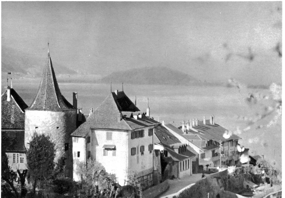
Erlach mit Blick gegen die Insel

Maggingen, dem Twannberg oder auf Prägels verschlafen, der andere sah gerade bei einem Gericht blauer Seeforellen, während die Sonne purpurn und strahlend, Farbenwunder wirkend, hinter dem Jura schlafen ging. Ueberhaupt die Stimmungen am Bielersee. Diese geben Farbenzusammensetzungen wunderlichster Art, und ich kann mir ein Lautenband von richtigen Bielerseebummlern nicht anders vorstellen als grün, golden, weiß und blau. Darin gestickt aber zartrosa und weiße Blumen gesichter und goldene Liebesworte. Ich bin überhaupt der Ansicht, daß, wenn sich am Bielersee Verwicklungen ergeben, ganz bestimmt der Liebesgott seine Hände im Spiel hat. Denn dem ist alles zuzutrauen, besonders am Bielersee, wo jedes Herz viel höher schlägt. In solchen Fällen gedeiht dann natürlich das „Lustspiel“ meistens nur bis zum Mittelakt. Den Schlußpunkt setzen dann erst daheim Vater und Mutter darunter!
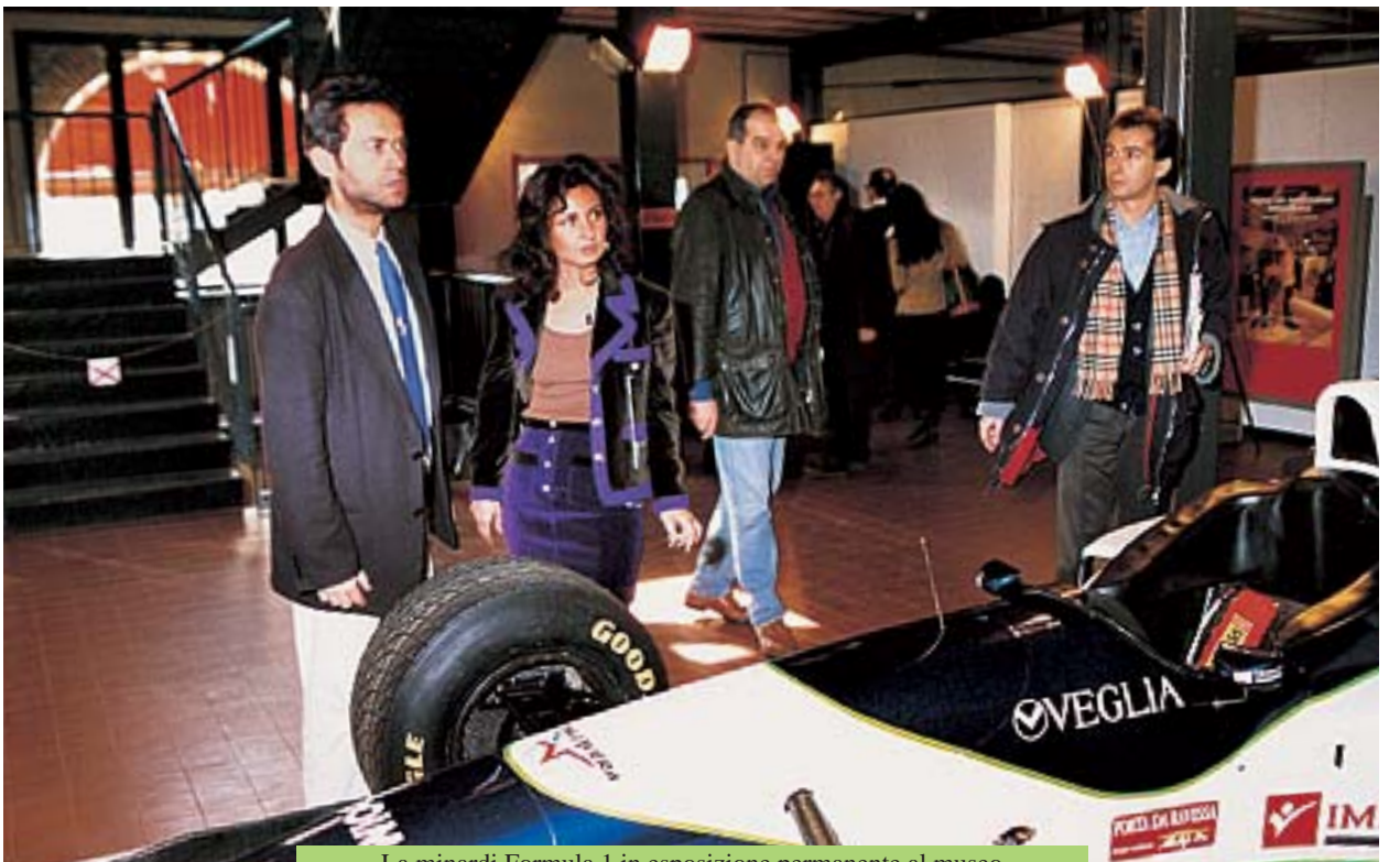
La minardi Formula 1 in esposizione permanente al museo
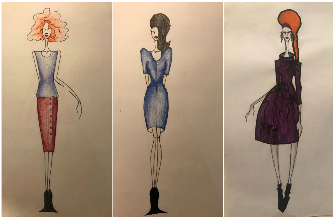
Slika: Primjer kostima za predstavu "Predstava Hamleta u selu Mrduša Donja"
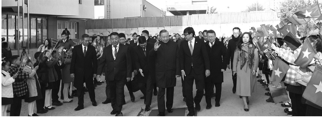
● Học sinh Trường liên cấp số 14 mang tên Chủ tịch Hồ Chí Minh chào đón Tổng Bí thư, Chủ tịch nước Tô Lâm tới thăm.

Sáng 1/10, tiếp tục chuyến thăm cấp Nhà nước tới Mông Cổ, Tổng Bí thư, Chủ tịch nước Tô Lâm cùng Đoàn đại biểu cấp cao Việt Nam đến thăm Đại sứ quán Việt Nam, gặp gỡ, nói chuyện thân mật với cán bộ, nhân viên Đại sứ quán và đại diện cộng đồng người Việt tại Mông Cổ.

REQUIRED ACTION. Write out the material above again, word for word, minus its pictures.

SOLUTION FOR THIS EXERCISE.
Erlach mit Blick gegen die Insel

Maggingen, dem Twannberg oder auf Prägels verschlafen, der andere sah gerade bei einem Gericht blauer Seeforellen, während die Sonne purpurn und strahlend, Farbenwunder wirkend, hinter dem Jura schlafen ging. Ueberhaupt die Stimmungen am Bielersee. Diese geben Farbenzusammensetzungen wunderlichster Art, und ich kann mir ein Lautenband von richtigen Bielerseebummlern nicht anders vorstellen als grün, golden, weiß und blau. Darin gestickt aber zartrosa und weiße Blumen gesichter und goldene Liebesworte. Ich bin überhaupt der Ansicht, daß, wenn sich am Bielersee Verwicklungen ergeben, ganz bestimmt der Liebesgott seine Hände im Spiel hat. Denn dem ist alles zuzutrauen, besonders am Bielersee, wo jedes Herz viel höher schlägt. In solchen Fällen gedeiht dann natürlich das „Lustspiel“ meistens nur bis zum Mittelakt. Den Schlußpunkt setzen dann erst daheim Vater und Mutter darunter!
La minardi Formula 1 in esposizione permanente al museo
Slika: Primjer kostima za predstavu "Predstava Hamleta u selu Mrduša Donja"
● Học sinh Trường liên cấp số 14 mang tên Chủ tịch Hồ Chí Minh chào đón Tổng Bí thư, Chủ tịch nước Tô Lâm tới thăm.

Sáng 1/10, tiếp tục chuyến thăm cấp Nhà nước tới Mông Cổ, Tổng Bí thư, Chủ tịch nước Tô Lâm cùng Đoàn đại biểu cấp cao Việt Nam đến thăm Đại sứ quán Việt Nam, gặp gỡ, nói chuyện thân mật với cán bộ, nhân viên Đại sứ quán và đại diện cộng đồng người Việt tại Mông Cổ.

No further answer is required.